Getting stuck between two answers

    • March 29, 2016 at 1:58 pm #1633
      tanika89
      Participant

      Hi,

      I am having trouble picking the best answer when I get down to the two answer choices after eliminating obvious wrong answers. Any tips on how to pick the best answer(correct answer) when I am stuck between two choices?

    • March 30, 2016 at 11:33 am #1641
      Mike Kim
      Keymaster

      Hey Tanika —

      I promise to answer your q more specifically in just a bit (and if you get bored by the following, or find that it’s stuff that you already know, or that it’s stuff that isn’t relevant to your concerns, feel free to skip ahead at any point to the bolded “advice…stuck” headline) — but first…

      I’d love to just a little bit about why you might get stuck between two answer choices.

      You can split up the issues into two main baskets —

      One, you are stuck because there are two attractive answer choices.

      Two, you are stuck because you weren’t as strong as you could have been at the various processes you went through before you got to those answer choices — that is, getting stuck is a symptom of your problems, rather than the cause.
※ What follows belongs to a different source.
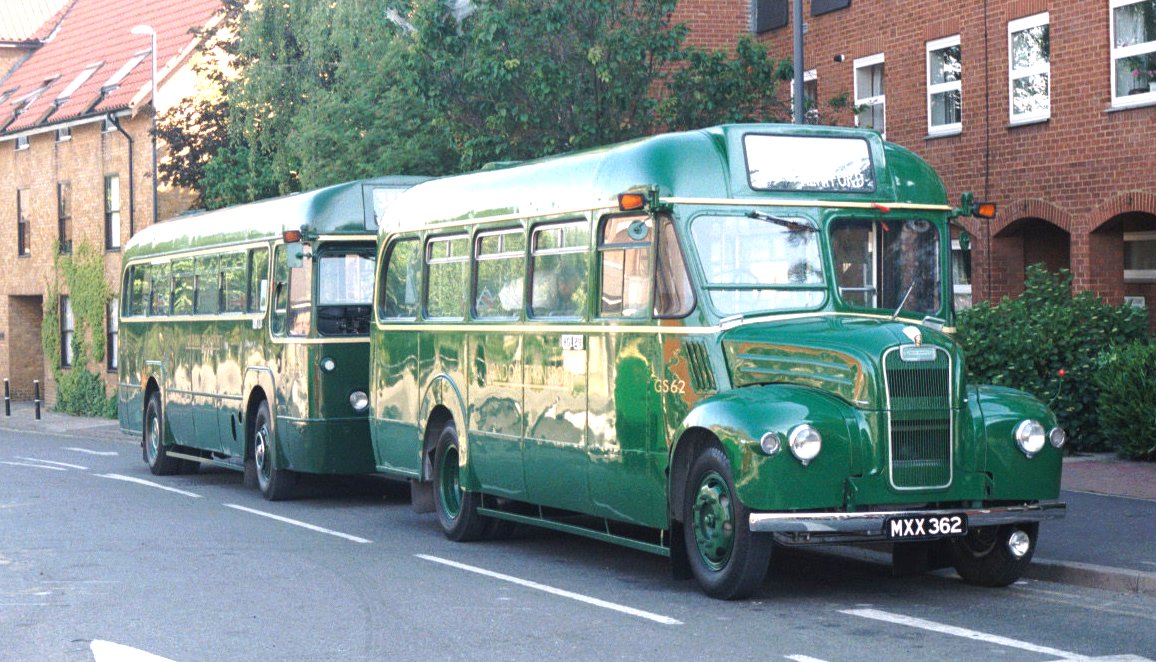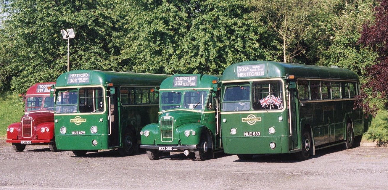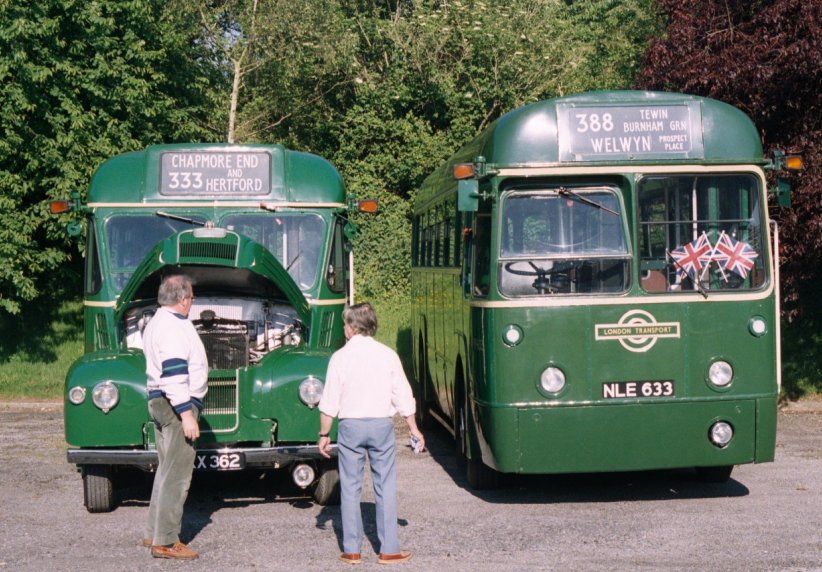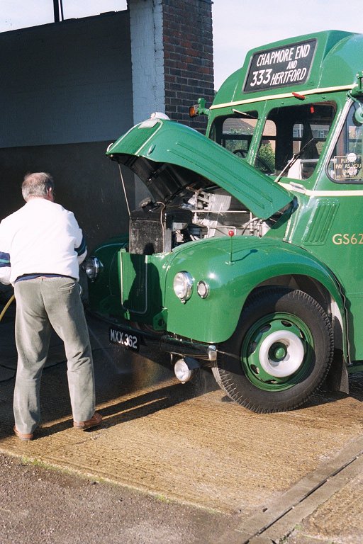 Hertford & Stevenage Running DaySunday June 2nd 2002Prepared by Ian Smith, 17th June 2002Part 2: Before Breakfast at HertfordBefore we could have breakfast in the morning the buses needed checking and bringing into Hertford. They drivers had left before me, and I sauntered along towards Fairfax Road in the delightful early morning sunshine. An early GreenLine 724 slid past, heading for Heathrow Airport. It was one of Arriva's DAF/Plaxtons, 3448.I found the buses and crews. There were GS2, RF6769, GS62 and RF633. There was blue smoke as cold engines coughed into activity. RF side panels opened for a top-up of engine oil. GS bonnets opened too. GS62 had suffered a touch of clutch slip on the run-in the day before, and the fault was traced to diesel contamination from a weeping injector coupling. That was rectified, and the GS taken for a wash. Then it was off to a deserted Hertford Bus Station, where the buses were parked while we went for breakfast.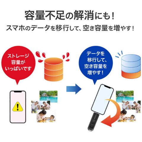 本商品に写真や動画などのデータを保存することで、スマホ・パソコンの容量不足を解消できます。

      In my experience, the second of those two possibilities is the much more important and common concern for most students. That doesn’t mean it’s the case for you, and I encourage you not to take my word for it, and to see if this is true for you too — I suggest all this because I think that the very act of thinking about it and evaluating where things went wrong for you is great for your prep.

      A different way to think about the situation is — imagine that you did slightly misunderstand a conclusion, or the support, or the task, or whatever — how would you know this happened? Unfortunately, there aren’t many barometers until you get to the answer choices — struggling with the answer choices is commonly the first chance you have to recognize you had any problems beforehand.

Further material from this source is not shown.